And when we say goodbye

A close-up of Grendel as he tries to rest (218_1884)

Beneath a cover of sunlight he lay squinty-eyed and trembling, his new world ever changing, ever crumbling.

What has become of the grand master of the house?  What blight tears away at his spirit with such abominable disregard for this majestic survivor?

At the nexus between what was and what is to be rests that which is.  For Grendel, the threads connecting past to future weave a wicked tapestry indeed.

Weakness becomes him, claims at every turn yet another piece of the invincible soul that once was.

As the cloak of his days wraps endlessly around him, the pattern knitted strikes me as unbecoming one so beautiful, one whose tiger stripes demand respect, whose green eyes glint with the fire of timeless splendor.

Yet even master predators must give way to the cosmos.

He throws about his essence the drapery of one who has suffered much, seen far, lived superbly and, most importantly, experienced true happiness.

A home full of love surrounded him at all times, a home with familiars respectful of his dominance and longing for but one more moment in the light of his being.

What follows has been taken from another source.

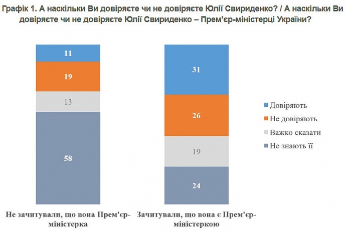 "Если в обоих случаях пересчитать уровень доверия только среди тех, кто знает Ю. Свириденко, то в первом случае (когда мы не говорим, что она является премьер-министром) соотношение доверия и недоверия было 25% к 45% (остальные 30% имеют неопределенное отношение). А во втором случае соотношение доверия и недоверия будет уже 41% и 34% (остальные 25% имеют неопределенное отношение). Можно предположить, что когда мы не говорим респондентам, что Ю. Свириденко является руководителем правительства, то даже среди тех 42%, которые якобы ее знают, не все действительно поняли, о ком идет речь", – пояснили социологи.

Only now in the dimming twilight do any of us comprehend what will be lost.

The once unconquerable patriarch, the master of all, now scarcely hides his tremors, wistfully swells in challenge only to cower under the spread of his perpetual decline.

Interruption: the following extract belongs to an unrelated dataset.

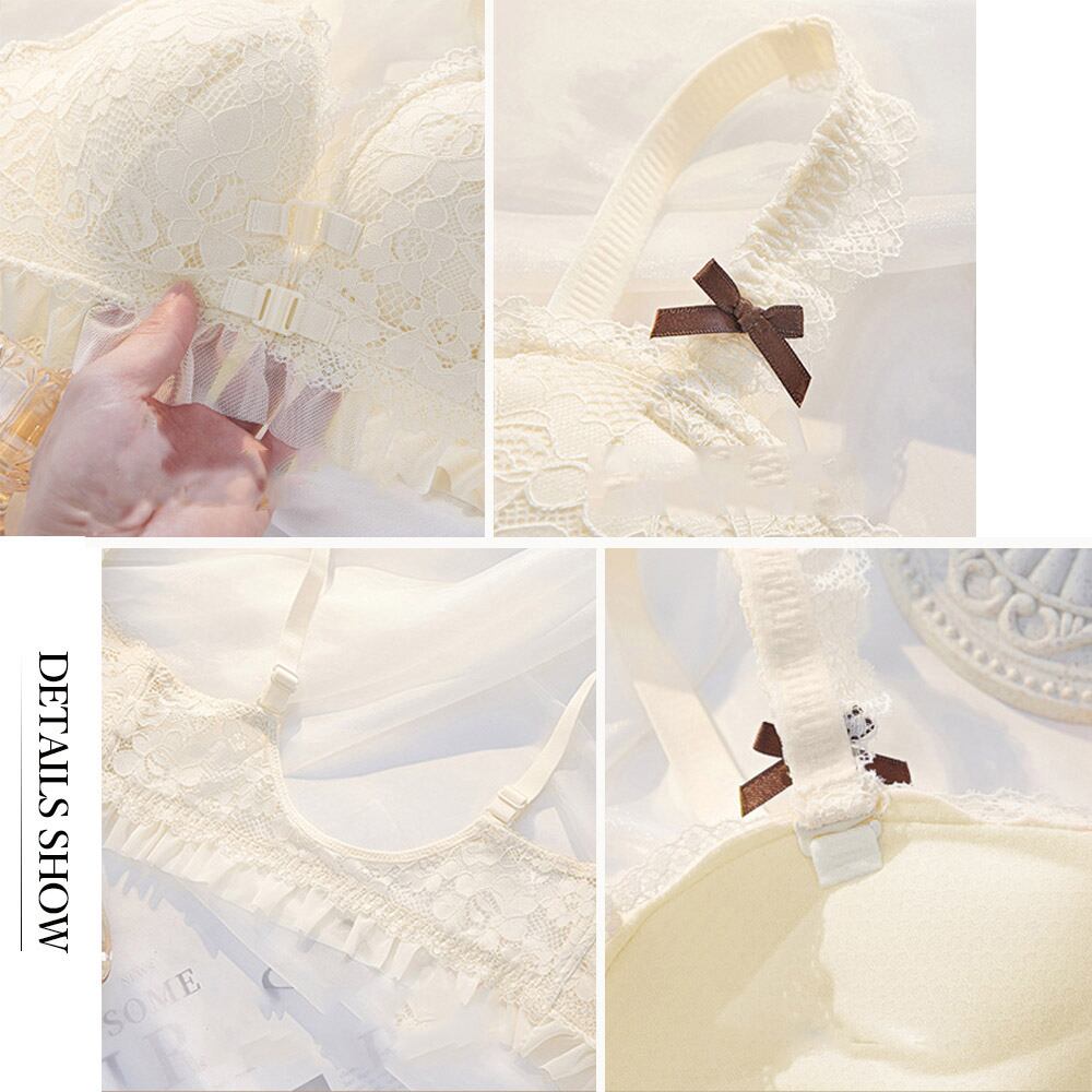 [ブラ&ショーツセット] フロントホック下着セット レディースブラ 花柄刺しゅうレースランジェリーセット 肩リボン 胸元セクシー ブラジャー ショーツフェミニン 大人美胸 盛りブラ フリル 2点セットかわいい 3/4カップブラ 脇スッキリインナー

His first year colored the cloth that would envelop his existence for all the days to come.  One ailment after another beset him.

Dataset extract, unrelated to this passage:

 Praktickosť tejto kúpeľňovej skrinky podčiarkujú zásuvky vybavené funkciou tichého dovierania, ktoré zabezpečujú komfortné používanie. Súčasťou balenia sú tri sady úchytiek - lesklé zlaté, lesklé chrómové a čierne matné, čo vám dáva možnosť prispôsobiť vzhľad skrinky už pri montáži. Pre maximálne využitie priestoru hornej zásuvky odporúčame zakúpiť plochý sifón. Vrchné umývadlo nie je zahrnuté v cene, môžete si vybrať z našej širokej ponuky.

And in my quest to manage the ills of his flesh did I also lace into the years the very demon that likely would strike him down.

I care not for more tests, more examinations bent on finding the next cause and, therefore, the next solution.

Causes have effects.  Effects brought us to where we are today.

Mind his suffering, mind his health, mind his well-being, but subject this handsome creature to more devilish fiends that will do nothing more but prolong the agony?

Absolutely not.

Long have I held that in life it is quality that matters most, not quantity.  What is living for a hundred years if the last twenty are spent being sponge-bathed and spoon-fed in a facility where true living has no meaning?

Why should it be different for my children?

Grendel has fewer days ahead than he does behind, a bridge we all cross at some point in our lives.  He faces the reality of his body’s continuing battle against his will.

Would that I could give him some of the life in me, that I might conquer the inevitable by carving from my own self a relief capable of undoing the pattern that life’s loom has woven for him.

But instead I reach out, offer him the adoration that brings a purr through the shaking, share a bit of time in the sun with one who deserves more than he has received.

7 thoughts on “And when we say goodbye”

  1. Sorry Jason! I have been at this crossroad twice this past month. You need to do what’s best for Grendel and if the quality of life does not exist anymore, it’s best to let him go.

    Call me if you need anything 😥

  2. Dear Jason,

    You are fair with Grendel and I understand. I’ve experienced the same feelings before with my furry children. Your description of living quantity without quality hit home – that’s where my Dad is right now at the nursing home…

    My heart goes out to you.


  3. Thank you both so much for your kind words. It’s one day at a time right now. My only concern is that he be happy and loved, but that he not suffer.

    And dearest Mary, I’m so sorry to hear about your father. I wish both of you the best!

    One thing that has always intrigued me about human nature is this: We vehemently defend our right to end the suffering of our animal family members when the quality washes out of their living and they are left to the pain and anguish of illness or old age. We wouldn’t dare let anything rob them of a quick and painless death when they face an unbearable future.

    I wonder why it is that we don’t have the same compassion for other humans. I hope others can look at me with the heartfelt determination it takes to act, the same conviction they hold when it comes to cat or a dog—or any other animal—in the same condition.

  4. ugh. That hit home. I get ridiculously attached to the creatures that grace me with they’re presence. I actually just finished blogging about it when I stumbled across your blog. I think I love you. In an kindred spirit kind of way. (Don’t worry, I don’t have time to stalk people) 😉

  5. Thank goodness, Jade, because I haven’t the time to evade stalkers!

    And thank you so much for visiting and commenting. I appreciate the sentiment and am thrilled to know this struck a cord with you.

    My children are just that–my children. For all the love, devotion and companionship they give me, I can’t imagine giving back anything less.